Clustering

eXo Platform offers clustering solution to ensure high availability when needed. The cluster mode can be used as well to benefit from horizontal scalability in order to distribute the load into multiple servers especially when vertical scalability isn’t efficient enough or isn’t possible.

The following diagram illustrates an abstract level of components architecture usually deployed for cluster based systems:

image0

How to install eXo Platform cluster ?

  1. Install each eXo Platform cluster node by following Installation and Startup.

  2. Configure on each eXo Platform cluster node the same RDBMS databases by following Database configuration.

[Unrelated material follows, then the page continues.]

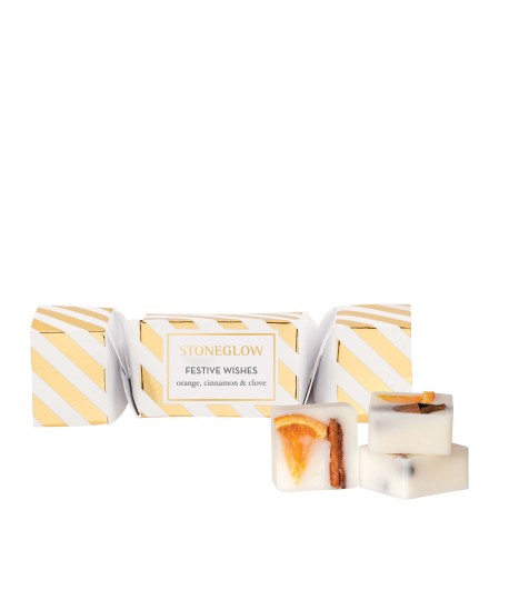 Seasonal - Festive Wishes - Orange, Cinnamon & Clove Scented Botanical Soy Wax Melts offer an enchanting aroma that captures the essence of cozy gatherings and holiday cheer. Each box contains three exquisite wax melts crafted to infuse your space with a delightful blend of zesty orange, warming cinnamon, and aromatic clove.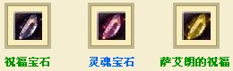 游戏的过程中,玩家狩猎或者完成任务的时候,都会获得一种称之为“祝福、灵魂”的宝石,另外在VIP商店里的道具商店中还有一种可以提升合成成功率的宝石“萨艾朗的祝福”,“祝福、灵魂”宝石除了在狩猎或任务得到外,还可以在地图中心的天空之城用七龙声望(攻击恶魔城或活动奖励)兑换。

  3. Install an Elasticsearch and configure each eXo Platform cluster node

  4. Install a MongoDB and configure each eXo Platform cluster node

  5. Start each server using a command line using the following options:

    ./start_eXo.sh --cluster --cluster-current-host $NODE_NAME \
            --cluster-host name=$NODE1_NAME,address=$NODE1_ADDRESS,http_protocol=$NODE1_HTTP_PROTOCOL,http_port=$NODE1_HTTP_PORT,tcp1_port=$NODE1_TCP1_PORT,tcp2_port=$NODE1_TCP2_PORT \
            --cluster-host name=$NODE2_NAME,address=$NODE2_ADDRESS,http_protocol=$NODE2_HTTP_PROTOCOL,http_port=$NODE2_HTTP_PORT,tcp1_port=$NODE2_TCP1_PORT,tcp2_port=$NODE2_TCP2_PORT \
            --cluster-host name=$NODE3_NAME,address=$NODE3_ADDRESS,http_protocol=$NODE3_HTTP_PROTOCOL,http_port=$NODE3_HTTP_PORT,tcp1_port=$NODE3_TCP1_PORT,tcp2_port=$NODE3_TCP2_PORT
    
with
$NODE_NAME : current host name (a chosen unique alias, not related to DNS name)
$NODE1_NAME, $NODE2_NAME... : each cluster host member name (you can pick any string, it has to be unique)
$NODE1_ADDRESS,$NODE2_ADDRESS... : DNS name or IP address. (By default 127.0.0.1)
$NODE1_HTTP_PROTOCOL, $NODE2_HTTP_PROTOCOL... : HTTP used protocol (http or https). (Default: http)
$NODE1_HTTP_PORT, $NODE2_HTTP_PORT... : HTTP port of cluster host which is already configured in server.xml file. (Default 8080)
$NODE1_TCP1_PORT, $NODE2_TCP1_PORT... : TCP (1) port that will be used for a first communication channel to synchronize caches.
                                        (Default 7800. When starting server if the chosen port is not allowed the next port 7801 will be attempted)
$NODE1_TCP2_PORT, $NODE2_TCP2_PORT... : TCP (2) port that will be used for a second communication channel to synchronize caches.
                                        (Default 7900.  When starting server if the chosen port is not allowed the next port 7901 will be attempted)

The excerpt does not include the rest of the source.